BEGIN EXERCISE DATA

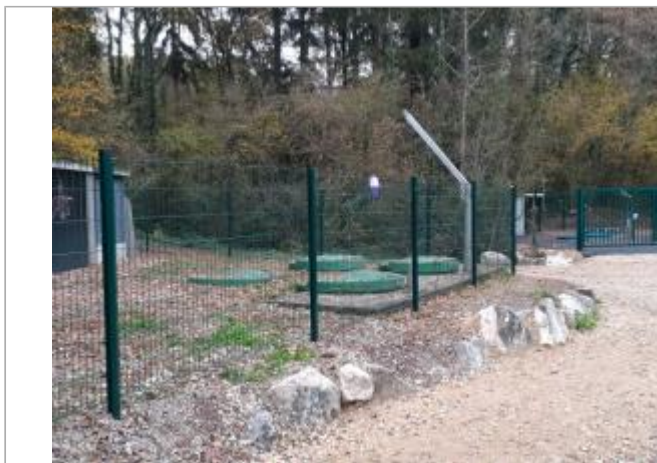
chemin des bois
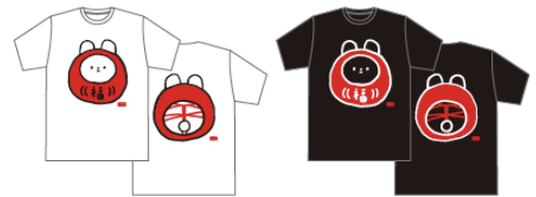
Tシャツ 各 ¥5,500 (税込)
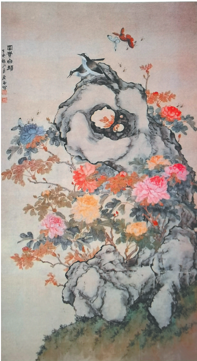
晚清居廉的《富贵白头图》。 北京故宫博物院藏
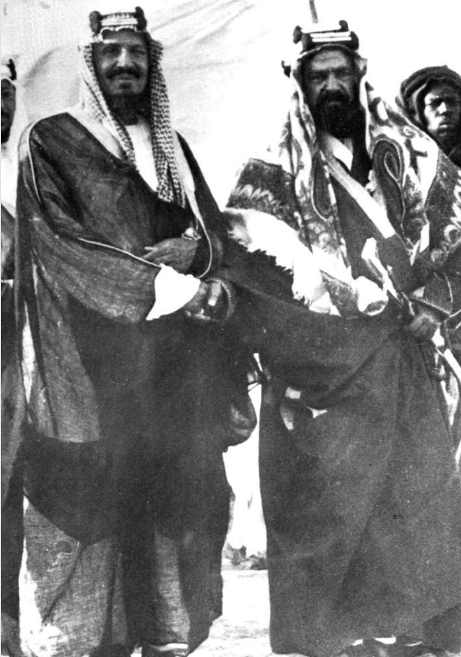
المغفور له صاحب العظمة الشيخ حمد بن عيسى آل خليفة، مع جلالة الملك عبد العزيز آل سعود لدى زيارته للبحرين في عام 1939م
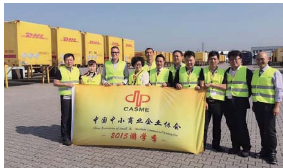
参访团在德国物流集团DHL参观和交流
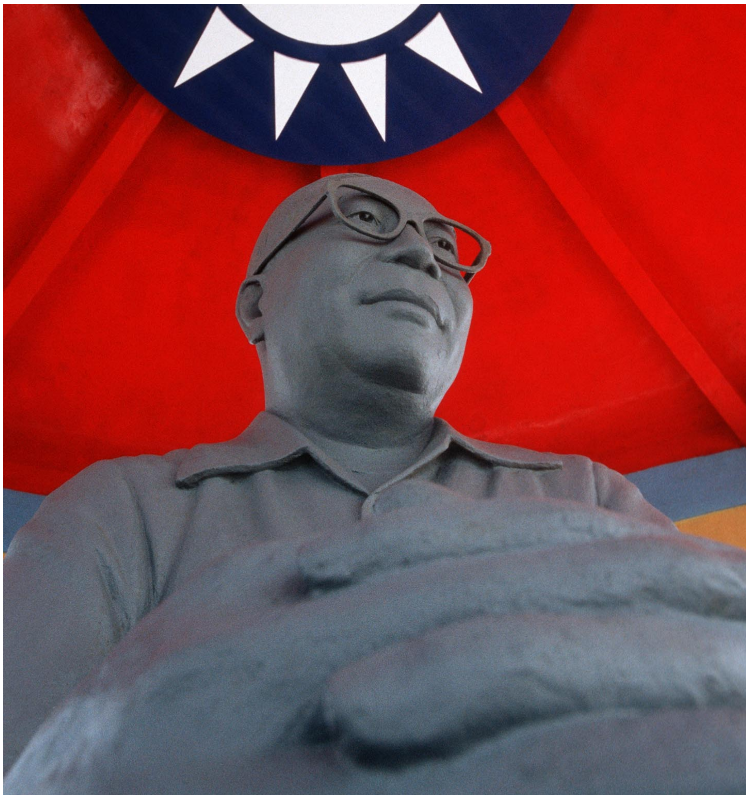
2003年7月1日，台湾马祖上的蒋经国雕像。
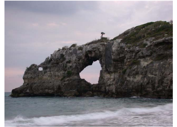
Punta Ventanas en Guayanilla, en la región del Karso del sur.

La roca caliza del Karso tiende a ser muy porosa, lo que facilita que se infiltre el agua de lluvia, resultando en la formación de los abastos de agua subterránea o acuíferos más importantes en Puerto Rico. En el Karso podemos encontrar, también, los bosques más extensos en la Isla, en los que habita la población más numerosa de la cotorra puertorriqueña junto a especies que no existen en otro lugar del planeta, tales como el coquí llanero, la mariposa arlequín y el sapo concho, entre otras.
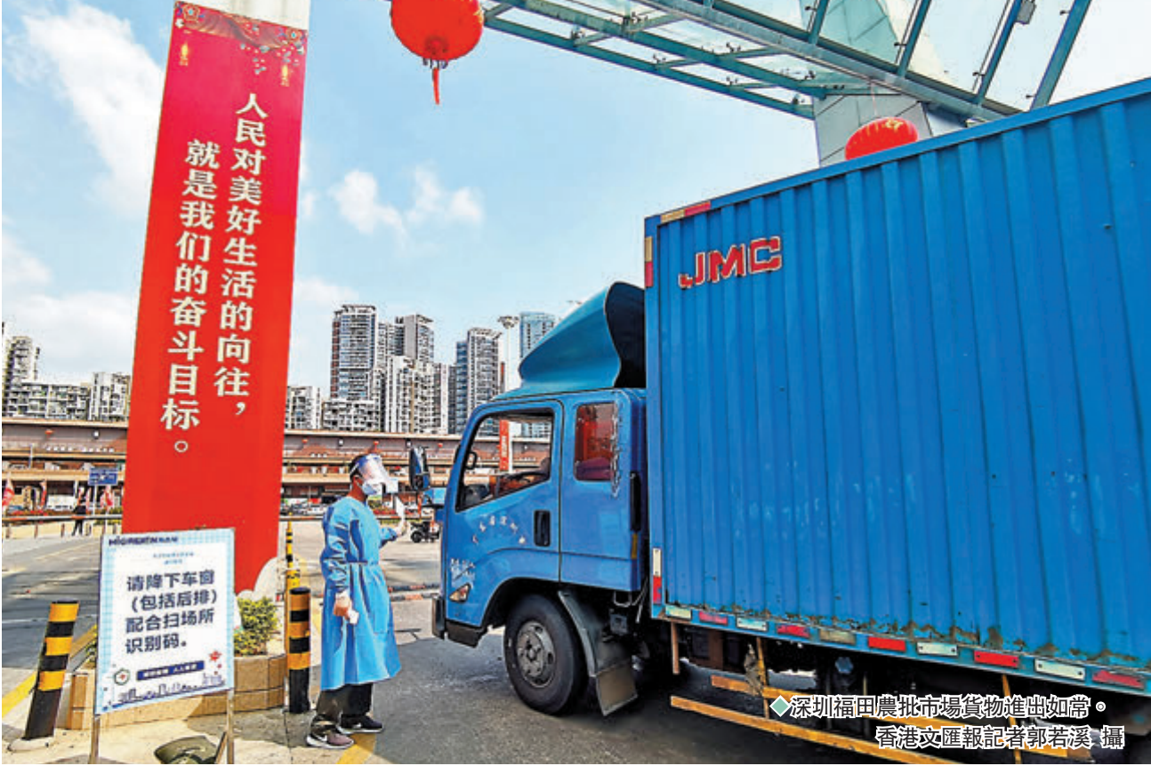
◆深圳福田農批市場貨物進出如常。

END EXERCISE DATA

YOUR ASSIGNMENT => The lines to repeat run from the line containing "2003年7月1日，台湾马祖上的蒋经国雕像。" through the end of the listing above, both included; give them exactly and without pictures.

EXPECTED ANSWER =>
2003年7月1日，台湾马祖上的蒋经国雕像。
Punta Ventanas en Guayanilla, en la región del Karso del sur.

La roca caliza del Karso tiende a ser muy porosa, lo que facilita que se infiltre el agua de lluvia, resultando en la formación de los abastos de agua subterránea o acuíferos más importantes en Puerto Rico. En el Karso podemos encontrar, también, los bosques más extensos en la Isla, en los que habita la población más numerosa de la cotorra puertorriqueña junto a especies que no existen en otro lugar del planeta, tales como el coquí llanero, la mariposa arlequín y el sapo concho, entre otras.
◆深圳福田農批市場貨物進出如常。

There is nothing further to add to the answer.